Tete-a-tete, according to the dictionary, is a private conversation between two people. Its synonyms include: dialogue, chat, chitchat, heart-to-heart, and, one-on-one.
President Rodrigo Duterte had a “tete-a-tete” with his legal adviser Sal Panelo which turned out to be the biggest disappointment this week for many Filipinos. First it was said that the President would address the nation at 3:00 pm on Tuesday, Sept. 11.
When something like this is announced, people are alerted because it is not often that a sitting president “addresses the nation.” Outside of the yearly State of the Nation Address, such announcements only happen when the President wants to speak to the nation on urgent, pressing issues. This was what Filipinos expected and most of us made time to hear what Duterte had to say.
I did not hear anything about a press conference but apparently, the media prepared for one as evidenced by the set-up that was shown by many practitioners. It is impossible that the media got it wrong because if it was the case, such set-up would not be allowed in Malacañang.
Barely an hour before the presidential address was scheduled to begin, an announcement was made that the press conference was canceled. No reason was provided. Then this was followed by Bong Go’s announcement that the presscon was canceled but Duterte’s address was still pushing through with only PTV4 allowed to cover. Then yet another announcement was made saying that the address would now become a “tete-a-tete” with the presidential lawyer Panelo.
Calling it such gave the event a semblance of informality as conveyed by the term’s meaning. However, it could not have been informal, or private, because it was the President who would do the talking. Presidential pronouncements are policy pronouncements.
As the confusion was dragging on, I received a few private messages asking if there was truth to the circulating rumors that Duterte was going to declare a State of National Emergency. Remember that there were also news about military tanks visible on Edsa that day which raised questions from people.
The conversation finally started at around 4:00 pm, or one hour late, and lasted for nearly two hours. Some say two hours that were wasted, others called it “two hours of agony.”
Yes, it was a conversation between the two, with Panelo very respectfully “interviewing” his boss in front of the more than 100 million Filipinos.
It was painful to watch.
It was obvious that President Duterte was consumed by his hatred towards Senator Antonio Trillanes. He did not get what he wanted—to put the senator behind bars. The order to both the Philippine National Police and Armed Forces of the Philippinesto arrest Trillanes was not carried out. Instead, the AFP issued a strong statement that its loyalty is to the Constitution, meaning, not to any one person, not to Duterte.
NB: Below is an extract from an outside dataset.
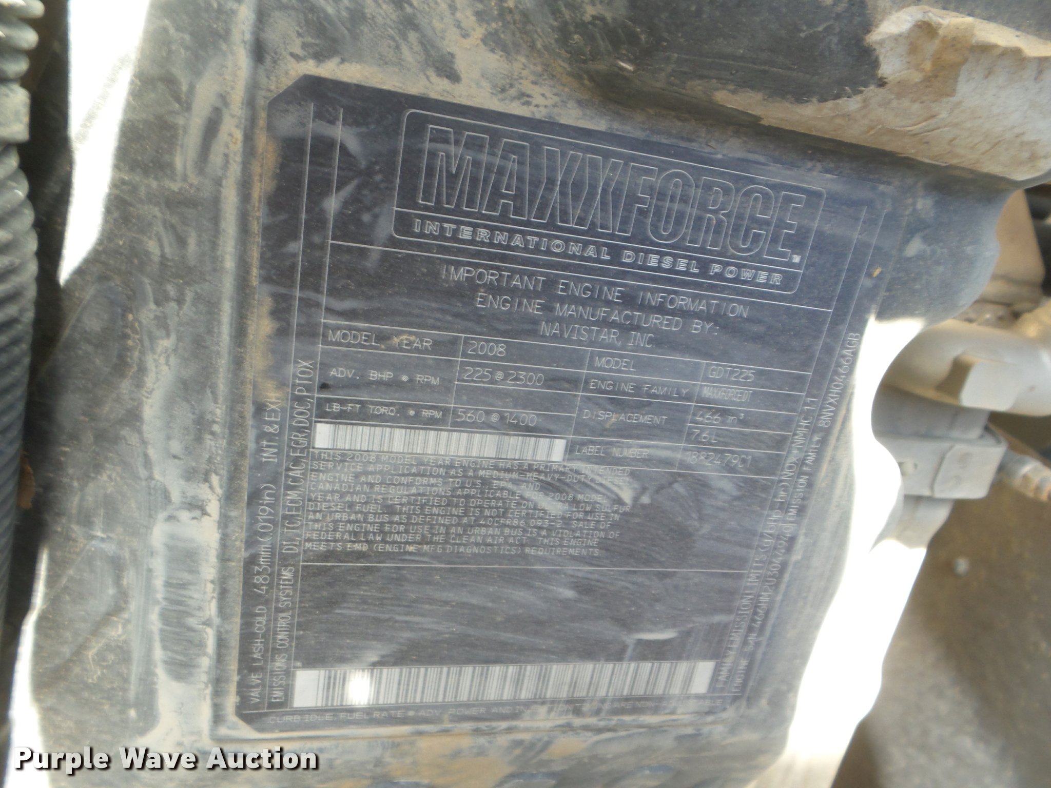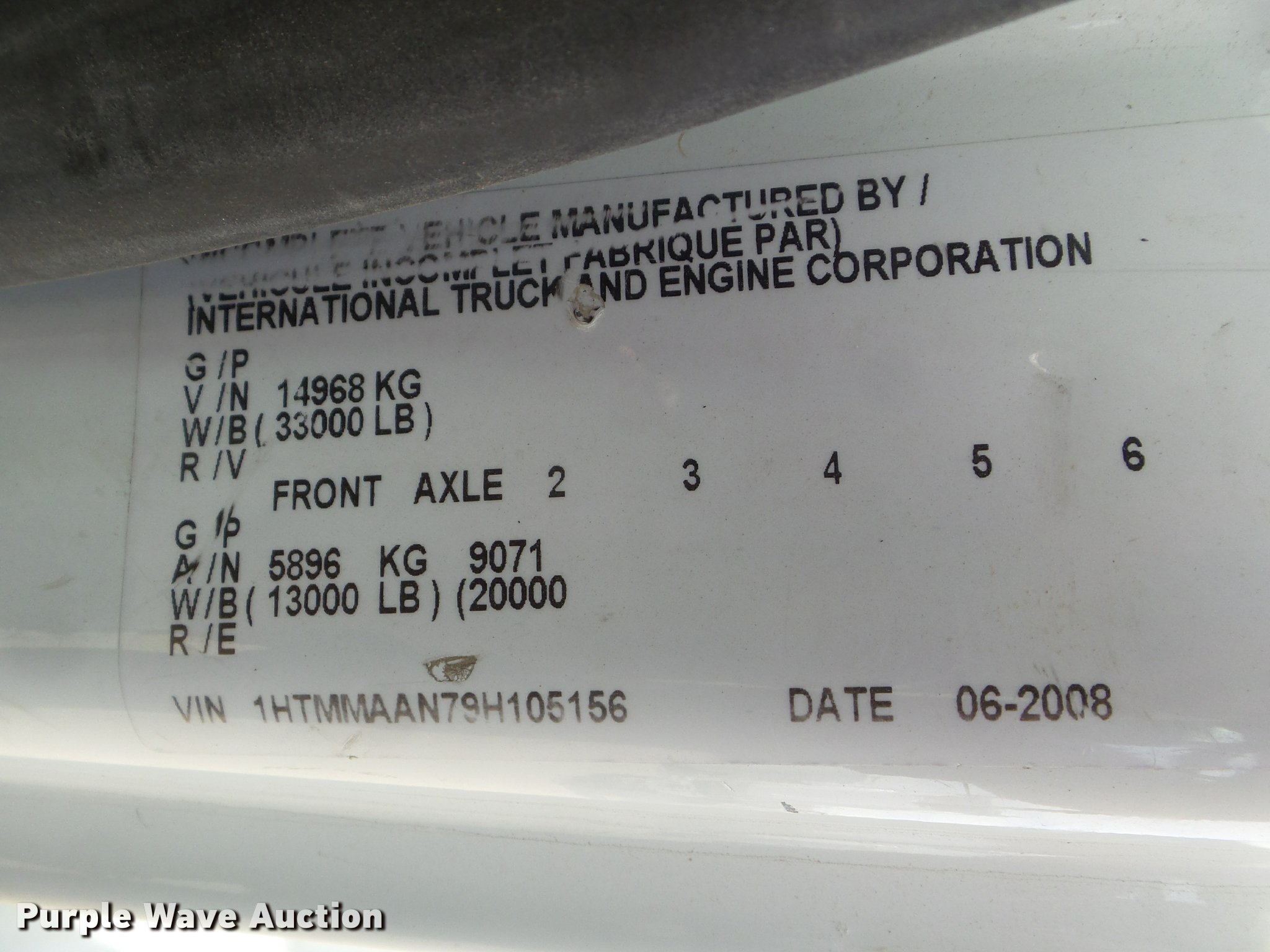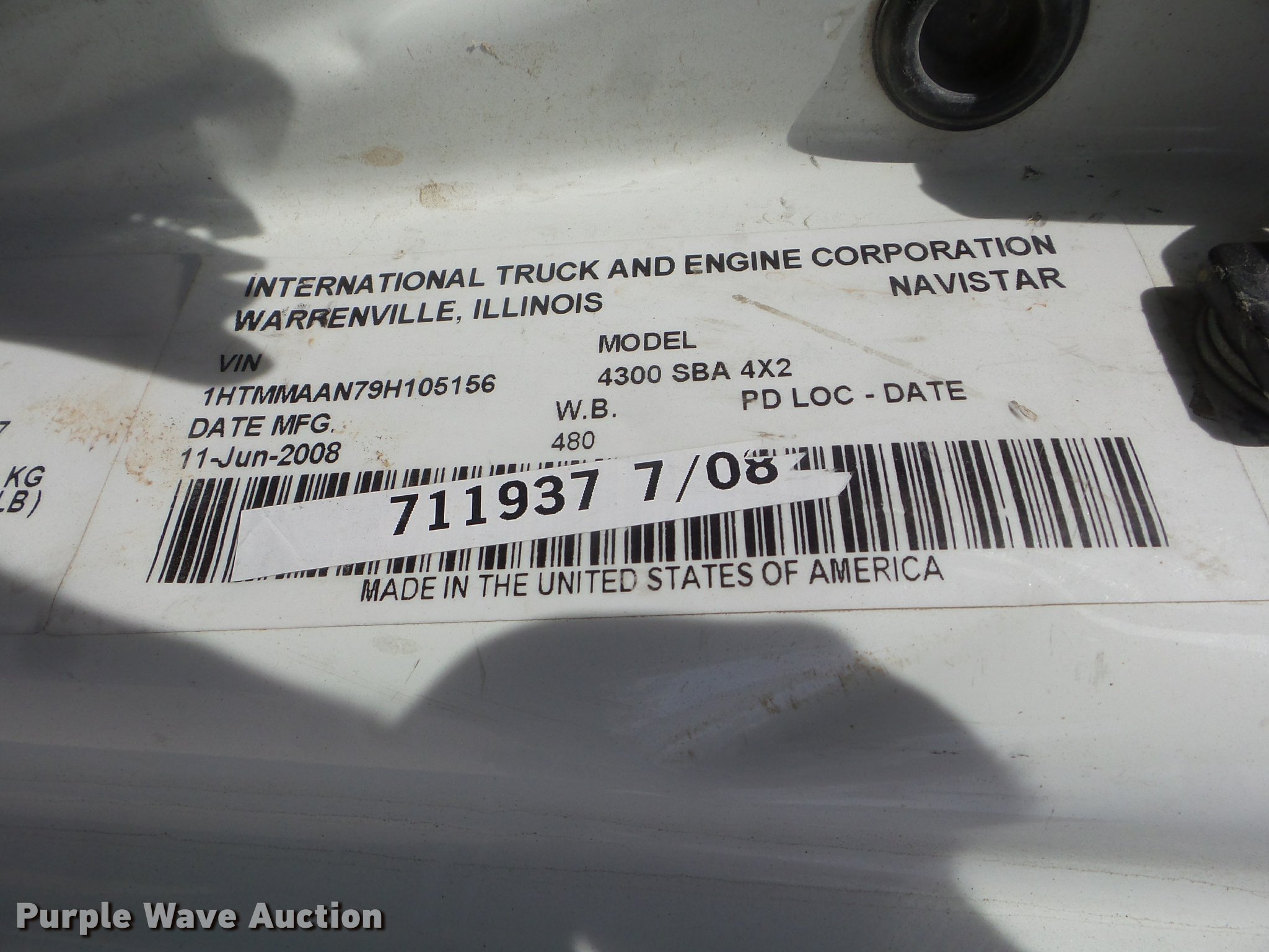 Purple Wave is selling a used Bucket Truck in California. This item is a 2009 International DuraStar 4300 bucket truck with the following: 55,035 miles on odometer, 7,180 hours on meter, International MaxxForce DT DT466 7.6L L6 turbo diesel engine, Automatic transmission, Single axle, AC and heat, Cruise, AM/FM, Spring suspension seat, Beacon light, Front tow hooks, Trailer brake controller, PTO, Altec 16'L service bed, Serial 971178574407/08, Shelving, Receiver hitch, Trailer wiring, Glad hand couplers, 2008 Altec AA755L boom, Serial 0708BZ5703, 56' boom length, 600 lbs maximum lift capacity, Man basket, Platform and ground controls, Boom rotation, Articulating, insulated boom, Single fuel tank, 188" wheelbase, Spring suspension, Air brakes, 11R22.5 tires, GVWR 33,000 lbs, California emissions compliant, Boom rust, Boom is not certified, Contents are not included, Unit# 1361

The Department of Justice’s “urgent request” to a Makati Regional Trial Court for the issuance of a warrant of arrest was flatly rejected. The RTC said that it needed to retrieve the records of this dead case. Eventually, the RTC opted to follow the normal procedures and ordered Sen. Trillanes to respond to the case within 10 days.
Moreover, the Department of National Defense said that it was Solicitor General Jose Calida who requested for the amnesty papers of Trillanes, and that those papers were given to the SolGen. A few days before this, the AFP also said that SolGen Calida was the one who requested confirmation that the Trillanes’ amnesty application was missing. In short, Calida had the papers BUT asked for confirmation that the same were nowhere to be found, then used it to justify the revocation of Trillanes’ amnesty. Wow.
Note that Trillanes’ Senate committee is investigating Calida family’s corporation that landed government contracts worth hundreds of millions in pesos.
Trillanes remains free and President Duterte hates not getting what he wants. So in the tete-a-tete, he ranted against the senator repeatedly. In fact, he turned the two-hour conversation into a bash Trillanes session. The thing is, he might have made Trillanes more popular because of what he did.
The other target of presidential tirade was the AFP. The recent statements of AFP and DND seem to project a certain level of rejection of Duterte’s statements and orders. At some point in the conversation Duterte mentioned the existence of coup threats. He also repeatedly challenged the military to stage a coup d’ etat against him if they no longer want him as president. I have never heard a president speak like this. To me, he appeared threatened by the military and he was being defensive.
The biggest disappointment to many was the fact that the two-hour chat between Duterte and Panelo did not reveal concrete measures to address pressing problems. To be fair to Panelo, his script included questions on inflation and rising prices of goods, rice shortage, traffic, China, and the and war on drugs. It was a perfect opportunity for the President to show the people that he is in control, that his administration is doing things to address people’s pressing concerns, and that the government is stable.
Instead, Duterte kept rambling on about Trillanes and the threats against him. When he was asked about his health, he answered that his opponents, the communists, Magdalo, and Liberal Party is conniving to oust him. Panelo could not do anything. After all, he was talking with his boss.
The tete-a-tete exposed a threatened Duterte. Despite the macho talk, he seemed weak and out of touch. He offered nothing to solve the country’s problems. Doing the conversation did not do anything good to his image as the president. The gimmick failed.